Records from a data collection

------------------------------------

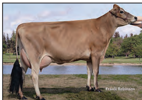
Sold in the 2002 All American Sale Jo-Gep Hallmark Party Time, E-90% 5-1 305 19,980 3.9% 772 3.4% 673
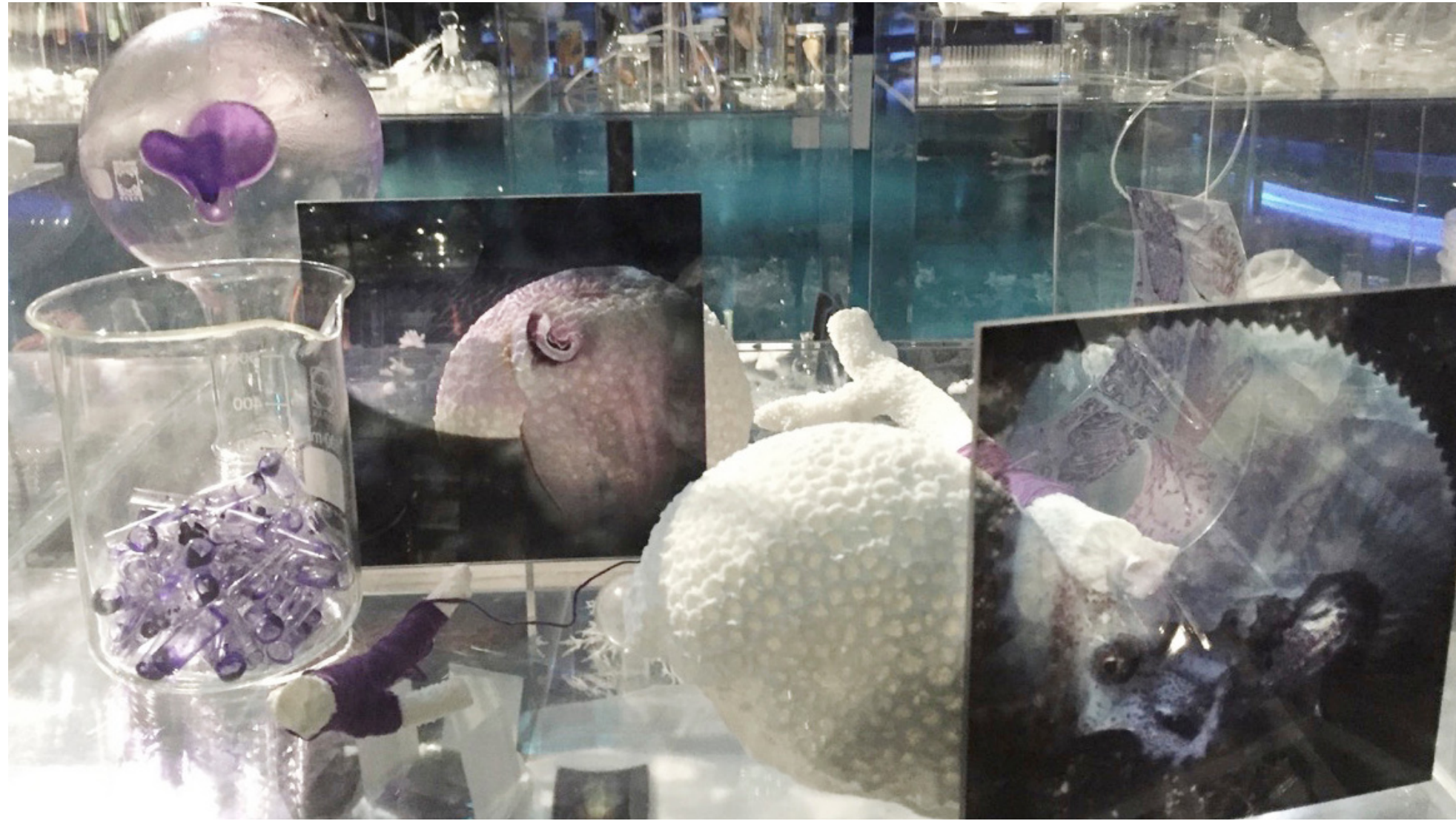
Above: specimens borrowed from the Australian Museum and Muséum national d'Histoire naturelle
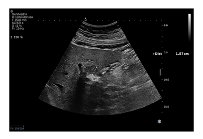
Figure 3. Conventional US revealed an isoechoic lesion with a hypoechoic halo in a 23-year-old woman diagnosed with non-alcoholic liver steatosis (arrow). CEUS examination followed, and, based on the contrast behaviour, the final diagnosis was focal nodular hyperplasia.
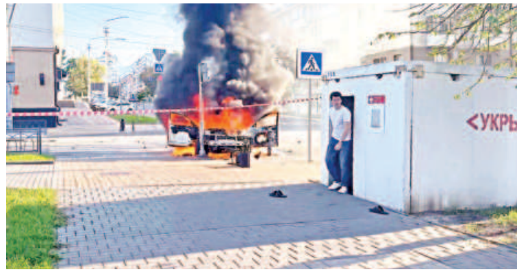
This handout video grab shows a scene from a reported Ukrainian strike in Belgorod, Russia, yesterday.

His comments signalled that Russia will raise the issue of nuclear arms control as part of a wide-ranging discussion on security when he sits down with Trump in Anchorage for the first Russia-US summit since June 2021.
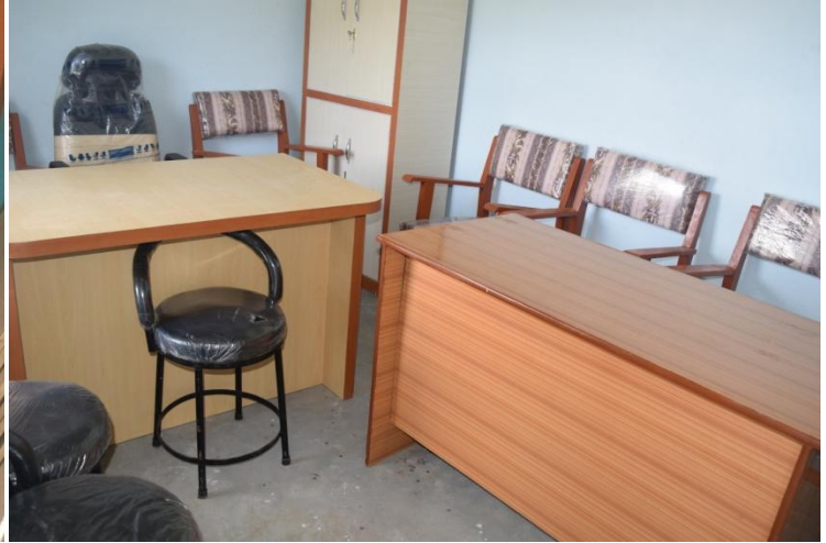
Photo: Medicine Rack, patient name record desk, office room

------------------------------------

Assigned task:
Repeat the data word for word. Images are not part of the copy.

Response box:
Sold in the 2002 All American Sale Jo-Gep Hallmark Party Time, E-90% 5-1 305 19,980 3.9% 772 3.4% 673
Above: specimens borrowed from the Australian Museum and Muséum national d'Histoire naturelle
Figure 3. Conventional US revealed an isoechoic lesion with a hypoechoic halo in a 23-year-old woman diagnosed with non-alcoholic liver steatosis (arrow). CEUS examination followed, and, based on the contrast behaviour, the final diagnosis was focal nodular hyperplasia.
This handout video grab shows a scene from a reported Ukrainian strike in Belgorod, Russia, yesterday.

His comments signalled that Russia will raise the issue of nuclear arms control as part of a wide-ranging discussion on security when he sits down with Trump in Anchorage for the first Russia-US summit since June 2021.
Photo: Medicine Rack, patient name record desk, office room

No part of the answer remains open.